Не буду пересказывать в деталях, но Елена Владимировна поведала мне по секрету, что, оказывается, Веня уже два года периодически встречается с супругой начальника одного из главков их министерства. Она увозит его обычно на дачу своих родителей, где они имеют возможность побыть вместе, когда муж уезжает в командировку. Вот и объяснение, почему он ведет себя в институте так странно. Она рассмеялась:
– Я однажды расставила ему сети: он же мне нравится. Поехали к одному из наших ребят домой.
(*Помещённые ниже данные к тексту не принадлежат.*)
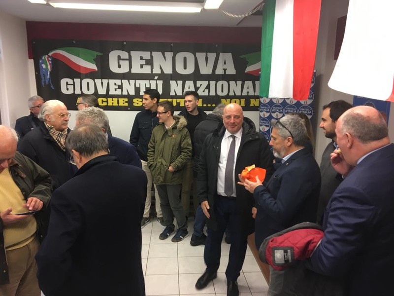 Genova - Parte dall'inaugurazione della nuova sede di Fratelli d'Italia e di Gioventù Nazionale (l'organizzazione giovanile del partito) in via della Libertà a Genova la campagna elettorale per le prossime regionali di Augusto Sartori, capogruppo in Consiglio Regionale per la formazione politica guidata da Giorgia Meloni.

Хозяин одинокий, очень понятливый, смылся минут через пятнадцать, успев приготовить нам кофе. Отличное у него, к слову, кофе. Он его готовит на горячем песке, подогреваемом снизу спиралью. Извинился, что на полчасика должен отлучиться. А Веня наш сделал вид, что ничего не понимает. Проболтали с ним эти полчаса и разошлись, когда хозяин вернулся. Вот уж хозяин потом посмеялся надо мной, когда я ему все рассказала.
Когда я спросила Веню о его приятельнице, он неохотно ответил:
– Их брак был обговорен в свое время родителями. Почти династический союз. Отцы – видные руководители этого же министерства – работали вместе еще со времен войны. Его отец, уходя на пенсию, хотел держать руку на пульсе министерства. Поэтому предложил отцу Марии устроить этот брак. Это было лет пятнадцать назад. Значительно позднее отец Марии ушел на пенсию и успел серьезно продвинуть карьеру ее мужа. Теперь он верный кандидат на пост замминистра. Но детей у них нет, каждый живет своей жизнью. Главное, обговорили, чтобы все было без скандалов.
Как-то я предложила Вене сходить вместе на финал международного конкурса танцоров балета. Он обычно не любил ходить на спектакли, так как плохо слышал, но здесь-то не нужно ничего слышать. Мне было приятно, что Вене конкурс понравился. Он удивился:
– Не предполагал, что между исполнителями, занявшими первые, вторые и третьи места такая большая разница в технике исполнения. А, главное, что это заметно даже мне, ни разу не бывавшему на балете.
В январе очередной, весьма влиятельный московский автор подарил мне два билета в Большой театр на «Щелкунчика». Я пригласила Веню, потом он достал билеты на «Жизель». Удивительно, мы встречались всегда либо у Вали, либо на улице. Ни разу он не пригласил меня к себе, а я тоже не приглашала. Почему мы так вели себя тогда – не знаю.
Веня спросил однажды, закончила ли я писать тот детективный рассказ, который мы когда-то обсуждали. Пришлось признаться, что бросила его. Не хватает терпения писать страницу за страницей.
– Но ты ведь журналист по образованию, неужели так и будешь только править чужие тексты?
– Добавь, чужие осточертевшие тексты. А ведь раньше с жаром бросалась на них. Было даже интересно смотреть, как тексты преображаются под моим воздействием.
– Так кто тебе мешает? Что, нет сюжетов? Давай выдумаем.